With the many blogs that I have encounter searching for great graphic novel recommendations, one of them is Kate Dacey of The Manga Critic. To my knowledge she had became a fan of graphic novels as an adult, and therefore provides a pretty interesting perspective from her reviews. She provides insightful responses from her email interview, to which I am quite pleased to include under the cut.
What was your first anime title? Was it the same as your first manga title?
The first anime I saw in a theater was AKIRA. I hated it. Cut the younger me some slack though! It was 1990, and I knew absolutely nothing about Japanese popular culture; my only previous exposure to Japanese cinema had been Throne of Blood and A Taxing Woman, so I found AKIRA bewildering. It wasn’t until the early 2000s, when the InuYasha anime was airing on the Cartoon Network, that I started exploring anime and manga in earnest. The InuYasha TV show led me to the comic, which in turn led me to other titles by Rumiko Takahashi such as Mermaid Saga and The Rumic World Trilogy.
What’s your favorite title and why?
That depends on when you ask me — I’m easily swayed! But if I had to pick just one, I’d have to say it’s Osamu Tezuka’s Phoenix. Though the series is uniformly excellent, I’m partial to Sun, the final story in the saga. Tezuka deftly weaves events from the past with speculation about the future, creating a powerful, strange, and moving allegory about the arrival of Buddhism in Japan. The illustrations of futuristic cities, military battles, and wild landscapes are among some of the most beautiful images I’ve seen in comics, period.
Has there been a recent series that you would recommend people to check out?
I’m sorry Tokyopop went belly-up before it could finish Neko Ramen, a 4-koma manga about Taisho, a cat who runs a noodle shop. As a self-proclaimed dog lover, I wasn’t predisposed to like Neko Ramen, but I found it consistently hilarious. The secret, I think, is that Kenji Sonishi doesn’t just trot out hairball and litterbox jokes — though there are plenty of those scattered throughout the series — he also pokes fun at Taisho’s complete lack of business sense, making him a more universal figure.
Is there any fandom(s) that you would be an avid follower for?
Not really; my taste in manga is too eclectic to be confined to a single fandom!
Are there any issues in the trend of anime and manga that you feel passionate about?
I’m glad to see publishers embracing digital distribution — not because I think iPad apps will curb piracy, but because they have the potential to attract new audiences to manga. The VIZ app is the best of the digital manga readers — the interface is easy to use, and mimics the print-reading experience — but I wish it were available to folks who don’t own an iPad or iPhone. The Dark Horse model seems like a more sustainable one, as their comics are compatible with any web-browsing device.
Why did you decide to start social media/blogging?
I was motivated by two things: a desire to learn more about blogging, and a desire to connect with other manga fans. Prior to 2006, my entire online experience had been limited to web-surfing, and I thought it was time to get some hands-on experience building a website and populating it with content. I did that in baby steps: first I had a blog at Tokyopop, then I joined the editorial staff at a big website and learned to use WordPress, and finally I struck out on my own and created a site from scratch.
What is your favorite part in the blogging experience?
Over the last five years, readers have steered me towards books I might otherwise have missed, educated me about the Japanese publishing industry, and convinced me to give hated books a second chance. That kind of idea exchange is really stimulating, and keeps me invested in writing about manga — a good thing, because reviewing mediocre books can really curb my enthusiasm for blogging!
Other than your own blogging site, has there been any other social media projects/site that you have been involved with?

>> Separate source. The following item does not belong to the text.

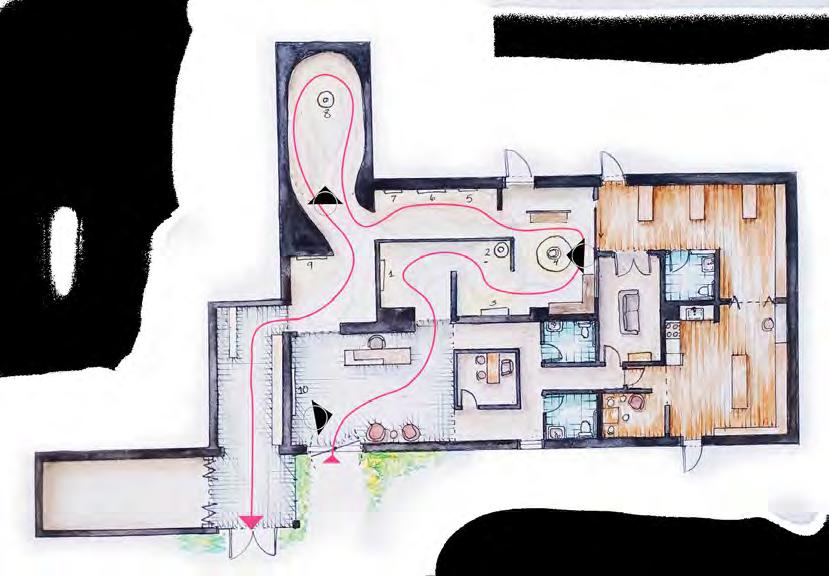 A gift shop on the left is encouraged but not forced on the guest. Storage for the lobby and gift shop is on the very left. The right side of the building is reserved for back-of-house operations, including the overflow art storage, shipping and handling area, kitchenette, employee restroom, and break room. The office and VIP viewing room are also in this section however the public have access to these spaces when invited.

From 2007 to 2009, I was the Senior Manga Editor at PopCultureShock (now defunct). I’ve also been a regular contributor at Good Comics for Kids since 2008. And I’ve been on Twitter since 2009, talking about manga, politics, feminism, food, bad grammar, dogs, music — whatever interests me on a given day.
What are tips you can offer for other people looking into getting into the hobby that you are in?
If you’re interested in blogging about anime or manga, spend some time thinking about who you’d like to reach with your site: shojo manga fans? horror buffs? Miyazaki aficionados? Having an audience in mind will make it easier to design your blog, choose appropriate tags and categories, and pick interesting topics. Trying to write for a general audience of anime or manga fans is a lot harder to do, as the community is splintered into many, many subcultures.
Do you picture yourself as an anime/manga fan/blogger, ten years from now?
That’s hard to say; frankly, I’m sometimes amazed I’ve been doing this for as long as I have! But I think the answer is yes, if American publishers continue to license interesting, off-beat, and historically important manga. I’d hang in there for the opportunity to review English-language editions of GeGeGe no Kitaro, Ludwig B., and The Window of Orpheus.